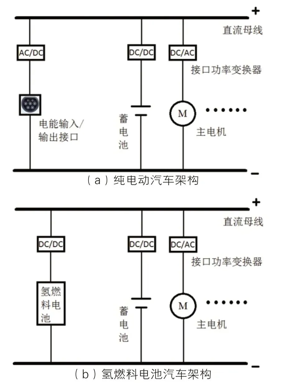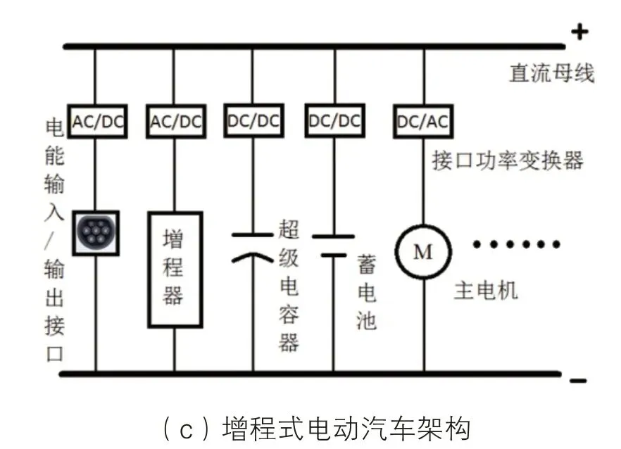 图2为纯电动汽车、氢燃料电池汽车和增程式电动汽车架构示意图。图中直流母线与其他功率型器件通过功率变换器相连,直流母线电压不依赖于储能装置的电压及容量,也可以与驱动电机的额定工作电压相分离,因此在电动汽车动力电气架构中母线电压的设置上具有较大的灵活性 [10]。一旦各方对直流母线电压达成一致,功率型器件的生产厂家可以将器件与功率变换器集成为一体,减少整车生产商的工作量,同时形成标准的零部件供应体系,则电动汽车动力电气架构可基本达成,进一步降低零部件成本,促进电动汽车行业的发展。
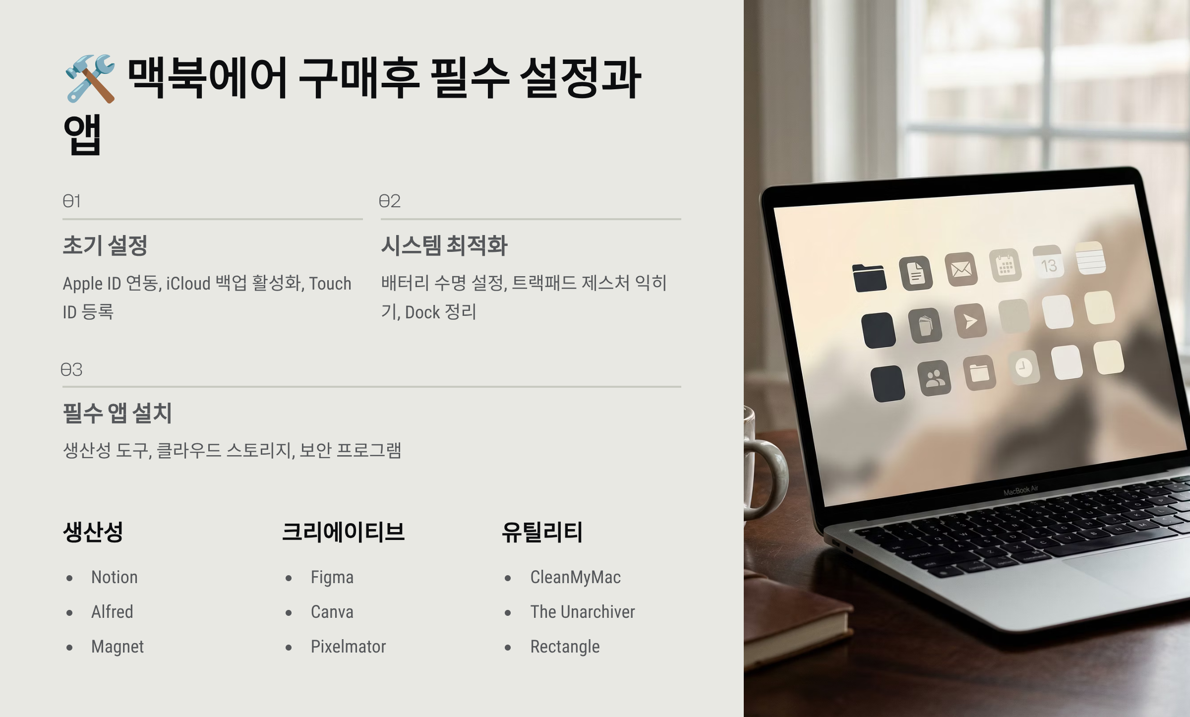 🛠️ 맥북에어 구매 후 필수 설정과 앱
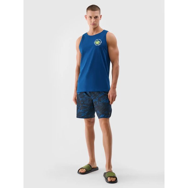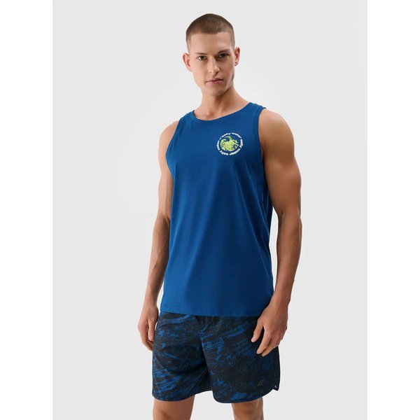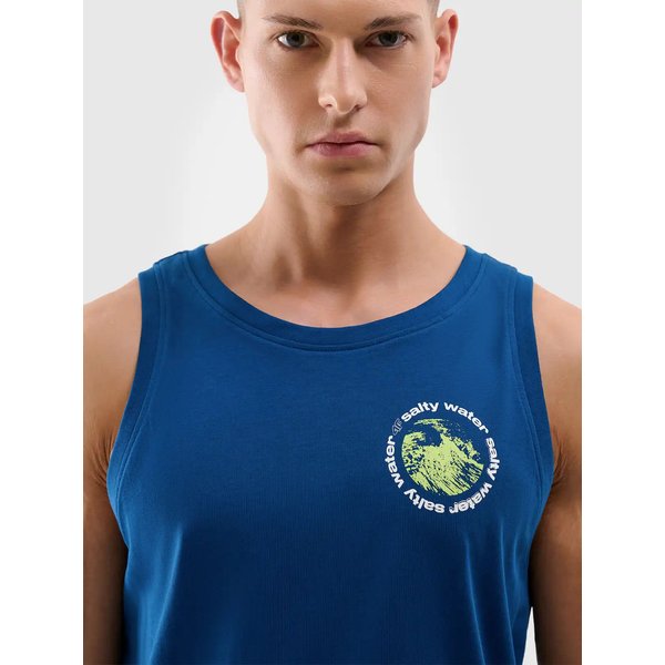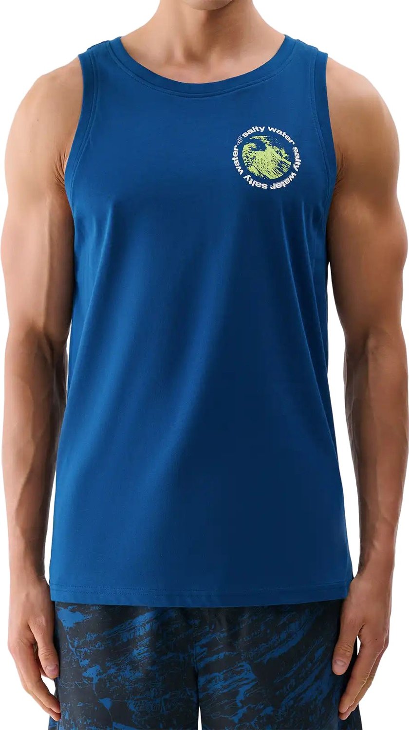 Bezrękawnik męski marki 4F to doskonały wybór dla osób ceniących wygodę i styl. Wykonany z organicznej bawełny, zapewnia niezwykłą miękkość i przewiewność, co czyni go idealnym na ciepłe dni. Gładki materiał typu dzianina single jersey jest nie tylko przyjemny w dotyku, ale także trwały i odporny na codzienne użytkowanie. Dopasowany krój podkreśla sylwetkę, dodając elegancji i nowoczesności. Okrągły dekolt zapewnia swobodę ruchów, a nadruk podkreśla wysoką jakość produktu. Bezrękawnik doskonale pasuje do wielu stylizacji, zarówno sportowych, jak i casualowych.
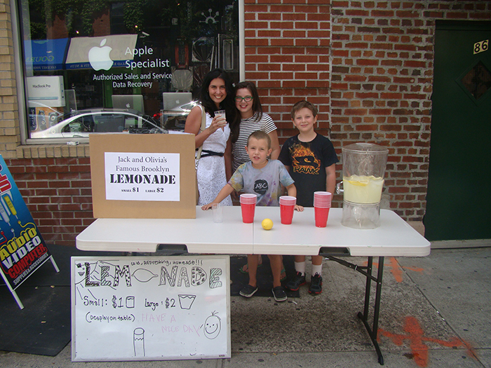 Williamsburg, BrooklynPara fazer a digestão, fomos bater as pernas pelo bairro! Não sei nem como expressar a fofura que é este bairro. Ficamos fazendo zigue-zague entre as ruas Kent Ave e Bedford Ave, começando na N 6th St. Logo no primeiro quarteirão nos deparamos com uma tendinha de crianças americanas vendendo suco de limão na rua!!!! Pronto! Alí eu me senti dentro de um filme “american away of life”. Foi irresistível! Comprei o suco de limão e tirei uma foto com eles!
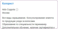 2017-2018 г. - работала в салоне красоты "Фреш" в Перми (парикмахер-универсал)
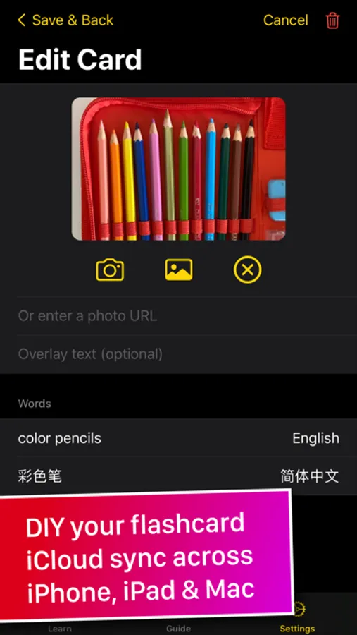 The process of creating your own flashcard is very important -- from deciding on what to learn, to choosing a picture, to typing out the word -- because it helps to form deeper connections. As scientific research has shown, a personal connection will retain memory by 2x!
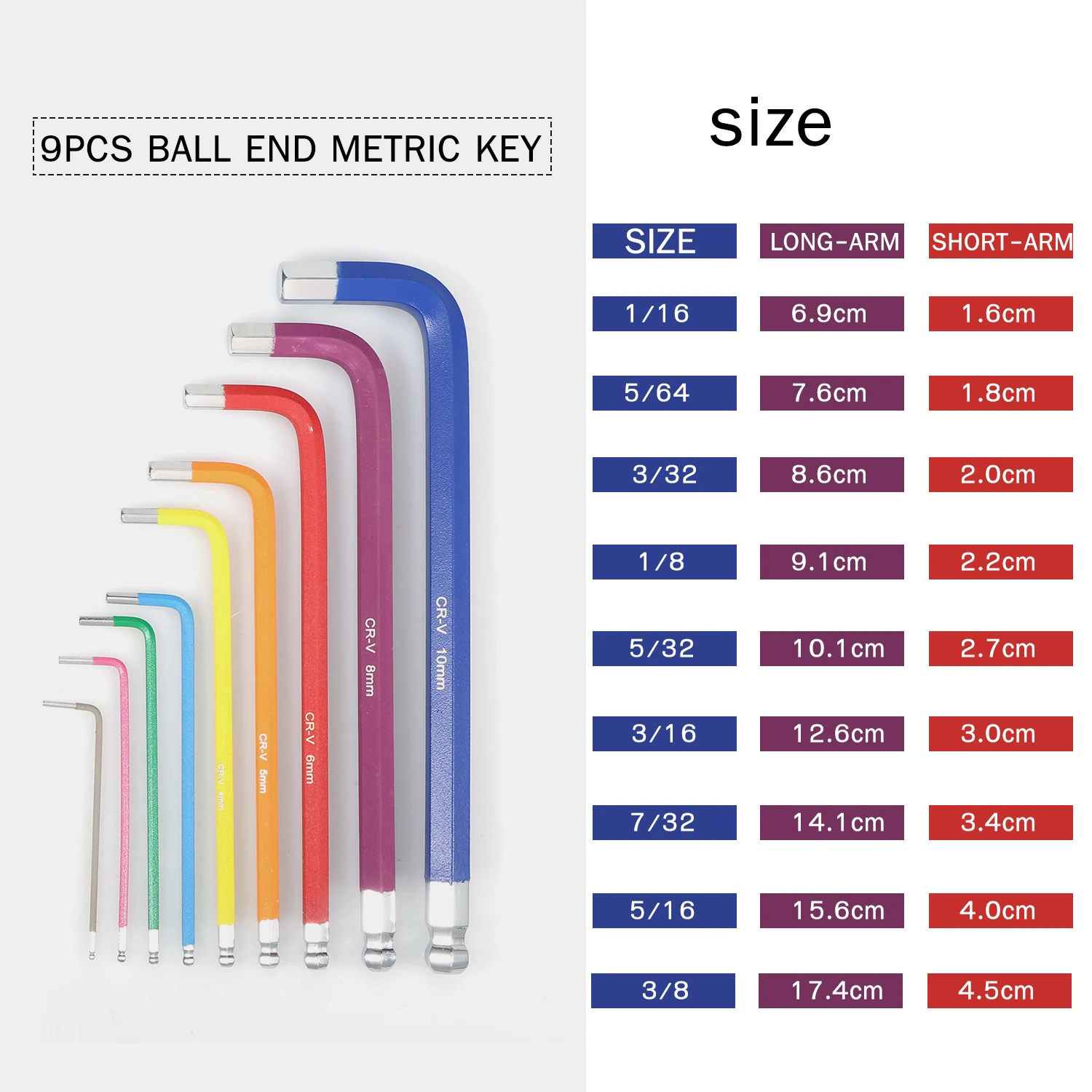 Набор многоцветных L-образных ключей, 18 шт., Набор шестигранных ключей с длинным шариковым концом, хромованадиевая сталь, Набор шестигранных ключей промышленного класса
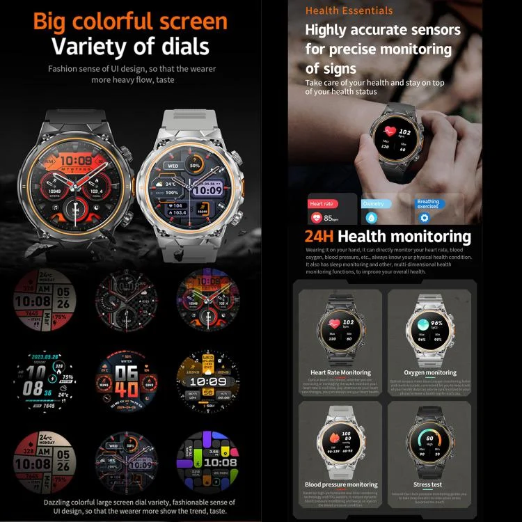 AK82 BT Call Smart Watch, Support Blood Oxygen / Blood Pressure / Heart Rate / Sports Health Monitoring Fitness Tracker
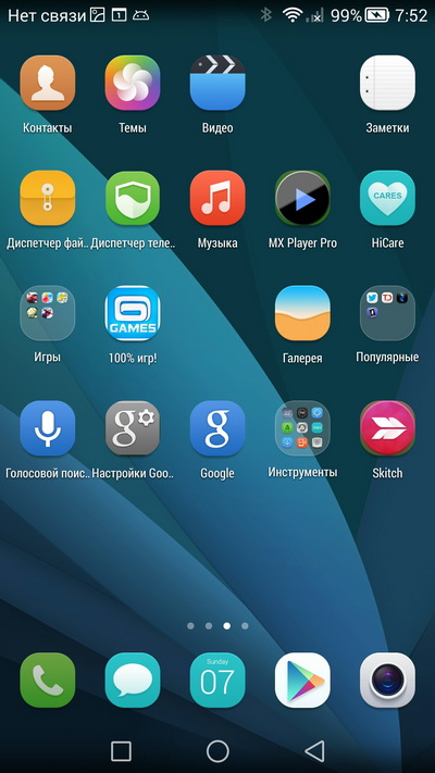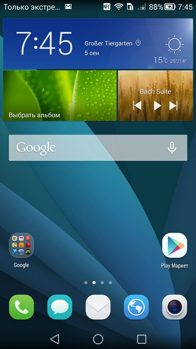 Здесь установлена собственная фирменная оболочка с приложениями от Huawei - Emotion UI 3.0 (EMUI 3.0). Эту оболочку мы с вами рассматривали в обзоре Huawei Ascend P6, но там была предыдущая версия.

*Assignment*
Please repeat exactly the data above from its first line to the line that contains "구매 후 필수 설정과 앱", inclusive, and leave every picture out.

*Written response*
 图2为纯电动汽车、氢燃料电池汽车和增程式电动汽车架构示意图。图中直流母线与其他功率型器件通过功率变换器相连,直流母线电压不依赖于储能装置的电压及容量,也可以与驱动电机的额定工作电压相分离,因此在电动汽车动力电气架构中母线电压的设置上具有较大的灵活性 [10]。一旦各方对直流母线电压达成一致,功率型器件的生产厂家可以将器件与功率变换器集成为一体,减少整车生产商的工作量,同时形成标准的零部件供应体系,则电动汽车动力电气架构可基本达成,进一步降低零部件成本,促进电动汽车行业的发展。
 🛠️ 맥북에어 구매 후 필수 설정과 앱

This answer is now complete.